Serving the High Plains

One step closer

Local business receives supplies to start assembly.

Making a dream come true often requires drudgery.

On Monday, Logan residents Glenn Lubera, his son, Jared, and friend Justin Osborne spent the morning offloading hundreds of boxes from a 40-foot container propped up on the loading dock of Tucumcari's old broom factory on the northeast side of town.

The boxes held enough handles and heads for brooms and shovels to produce the first 2,700 units of Lubera's inventions, the 3D Shovel and 3D Broom.

Lubera wants to get them assembled and distributed as soon as possible, he said.

Spring and summer are when hardware and home stores order their winter weather goods for the next onslaught of snow, ice and the wet messes they leave when they melt.

Lubera's inventions are designed to make winter chores a little easier.
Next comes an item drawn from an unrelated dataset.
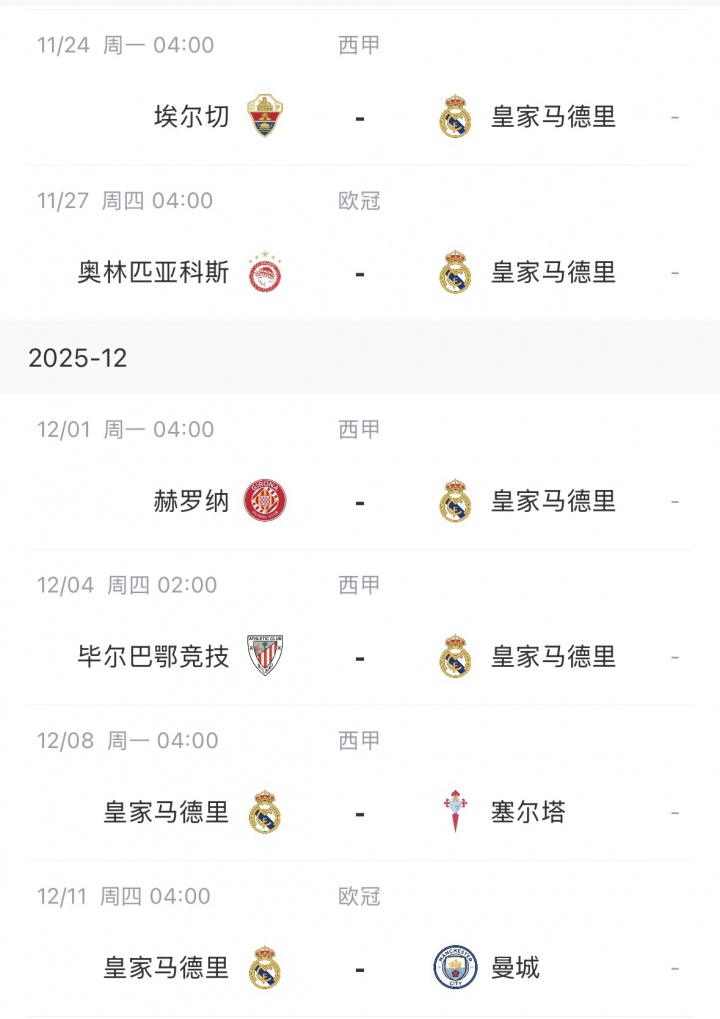 皇马将在海外比赛日放胆后迎来伙同四个客场,以及将迎来与曼城的欧冠比赛,记者Picon以为,这是对阿隆索的一次大考,他写谈:“伙同三个客场征程,包括对阵本赛季黑马埃尔切与毕尔巴鄂竞技。而辽远巨兽隐现:与曼城的对决,将成为考验这支球队是否具备抗衡欧洲顶级豪强实力的又一次大考——本赛季他们已两度失利。”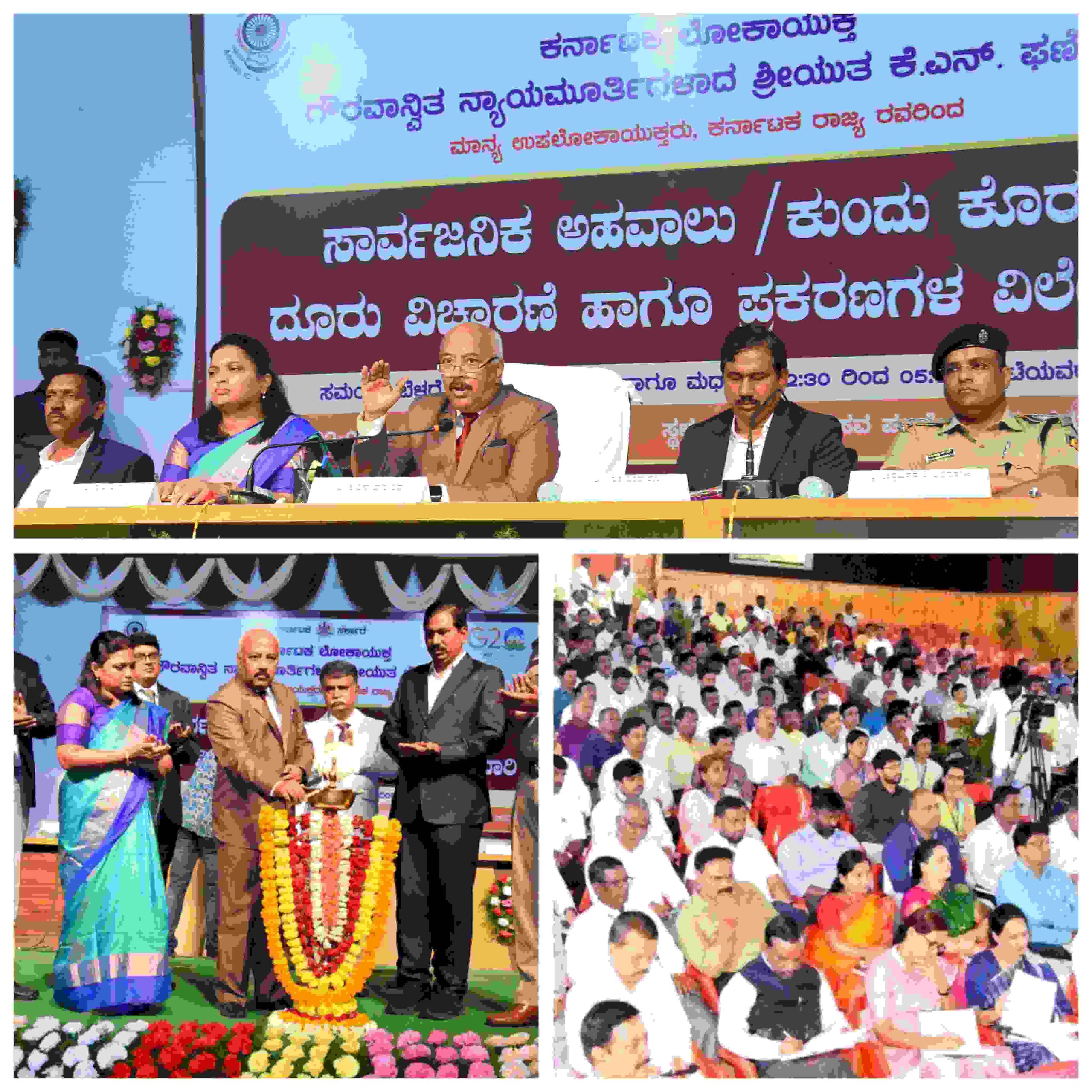 عوامی شکایات کی وصولی اوران کاحل :۔ ملیکارجن چٹگوپہ نے ڈپٹی لوک آیوکت کو شکایت پیش کی کہ میونسپلٹی نکاسی کا کام نہیں کررہی ہے، ڈپٹی لوک آیوکت نے متعلقہ کو 15 دنوں کے اندر کارروائی کرنے کی ہدایت دی۔ کرناٹک پرجاشکتی بیدر ایس سی، ایس ٹی نے شکایت درج کروائی کہ کمیونٹی بلڈنگ ناقص سطح پر کی گئی ہے۔ اُپالو ک آیوکت تحقیقات کرے گا اور ملوث افراد کے خلاف کارروائی کی جائے گی۔ جب کربسیاچنبسیا توگلور نے شکایت درج کروائی کہ وہ 11E کا نقشہ تیار نہیں کررہے ہیں، ڈپٹی کمشنر نے ہلسور تحصیلدار کو بلایا اور اسے 15 دنوں کے اندر تیار کرنے کو کہا۔ سنجیوریڈی ولد گنڈوریڈی نے اپنے کھیت کی 2 ایکڑ پہاڑی کو درست کرنے کے لیے اورا دتحصیل دفتر میں درخواست دی، لیکن ایسا نہیں کیا جا رہا تھا، اس لیے ڈپٹی کمشنر نے اور تحصیلدار کو بلایا گیااور اسے درست کرنے اور رپورٹ بھیجنے کی ہدایت کی۔ اُپالو ک آیوکت نے کہا کہ جب لوگ اُپالو ک آیوکت سے شکایت کریں گے کہ اور انصاف دلانے کی دہائی دیں گے توفوری کارروائی کی جائے گی۔

The 3D shovel and broom each contain a device that changes the angle of the head to the handle from perpendicular to about 45 degrees.

To change the angle, the user pulls and turns a convenient lever on the tools' bright green handles.

Lubera said he worked with designers at the Chinese firm that assembled the parts Lubera's crew offloaded from the container on Monday.

"That meant I was up 'til past midnight many nights working with them," he said. "You have to remember they're 14 hours ahead of us."

He would not name the firm, because that would reveal a trade secret, he said. He is currently in the process of getting a patent for his product.

Lubera said he has worked on the 3D tools project while holding down a full-time job as an automation specialist for Oxy, the company that mines carbon dioxide from wells in northeast Quay County and Union County.

The ability to change angles means both tools can move snow and water out of the way, Lubera said, while eliminating the need to lift and toss shovelfuls of snow, or sweep two directions to move water and debris from a path with a broom.

The 3D Broom, Lubera said, pointing to a broom head, also includes a squeegee.

Actual production, Lubera said, is likely to begin next week. In the meantime, he said, he must deal with paper work.

Lubera's operation is financed in part by an $80,000 Local Economic Development Act (LEDA) grant.

Lubera said he plans to create two full-time jobs soon. Terms of the LEDA grant require him to create two full-time jobs filled by local residents within a year and file annual reports to the Greater Tucumcari Economic Development Corporation.

Lubera said he intends to introduce the 3D shovel and broom to hardware outlets in the eastern New Mexico region over the next several weeks.

The 3D Shovel, he said, will retail for about $40, and the 3D Broom will sell for about $25.